## TASK
Report every line from the following entries that contains the string "local".

## RECORDS SHOWN
--
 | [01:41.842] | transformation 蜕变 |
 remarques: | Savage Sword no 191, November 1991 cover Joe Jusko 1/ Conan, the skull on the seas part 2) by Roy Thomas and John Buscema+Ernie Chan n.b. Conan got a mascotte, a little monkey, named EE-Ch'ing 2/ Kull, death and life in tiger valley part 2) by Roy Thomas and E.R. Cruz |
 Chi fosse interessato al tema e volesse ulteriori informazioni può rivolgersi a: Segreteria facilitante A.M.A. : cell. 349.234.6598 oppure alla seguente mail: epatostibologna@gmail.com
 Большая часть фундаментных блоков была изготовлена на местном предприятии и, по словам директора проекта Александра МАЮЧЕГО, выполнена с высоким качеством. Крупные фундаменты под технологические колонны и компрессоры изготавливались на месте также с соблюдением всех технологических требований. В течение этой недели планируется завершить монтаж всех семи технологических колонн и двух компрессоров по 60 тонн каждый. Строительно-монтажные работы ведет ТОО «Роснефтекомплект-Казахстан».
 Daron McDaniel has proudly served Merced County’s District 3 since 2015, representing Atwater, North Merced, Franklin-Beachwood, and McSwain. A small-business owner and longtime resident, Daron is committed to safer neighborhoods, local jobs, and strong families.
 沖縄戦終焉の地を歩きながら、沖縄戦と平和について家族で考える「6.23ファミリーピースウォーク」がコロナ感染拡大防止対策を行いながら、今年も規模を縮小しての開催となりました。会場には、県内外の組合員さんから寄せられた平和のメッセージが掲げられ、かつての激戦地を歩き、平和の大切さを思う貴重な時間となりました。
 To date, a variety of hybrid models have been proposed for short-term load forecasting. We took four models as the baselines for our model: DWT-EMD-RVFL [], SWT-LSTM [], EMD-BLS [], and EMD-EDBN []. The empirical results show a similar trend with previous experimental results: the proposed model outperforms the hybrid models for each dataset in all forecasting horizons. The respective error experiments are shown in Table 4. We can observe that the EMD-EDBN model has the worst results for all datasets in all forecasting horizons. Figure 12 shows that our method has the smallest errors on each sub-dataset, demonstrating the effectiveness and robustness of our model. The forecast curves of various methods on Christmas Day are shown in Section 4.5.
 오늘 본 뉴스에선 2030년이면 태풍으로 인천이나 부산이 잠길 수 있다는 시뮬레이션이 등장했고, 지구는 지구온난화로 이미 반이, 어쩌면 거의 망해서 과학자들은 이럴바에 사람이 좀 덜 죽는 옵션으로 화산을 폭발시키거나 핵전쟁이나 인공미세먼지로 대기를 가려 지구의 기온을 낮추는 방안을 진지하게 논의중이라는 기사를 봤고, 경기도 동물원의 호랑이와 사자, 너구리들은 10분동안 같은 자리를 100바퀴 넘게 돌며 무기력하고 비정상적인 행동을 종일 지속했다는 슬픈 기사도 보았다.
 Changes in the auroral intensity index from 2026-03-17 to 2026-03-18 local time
--
## EXERCISE SOLUTION
 Daron McDaniel has proudly served Merced County’s District 3 since 2015, representing Atwater, North Merced, Franklin-Beachwood, and McSwain. A small-business owner and longtime resident, Daron is committed to safer neighborhoods, local jobs, and strong families.
 Changes in the auroral intensity index from 2026-03-17 to 2026-03-18 local time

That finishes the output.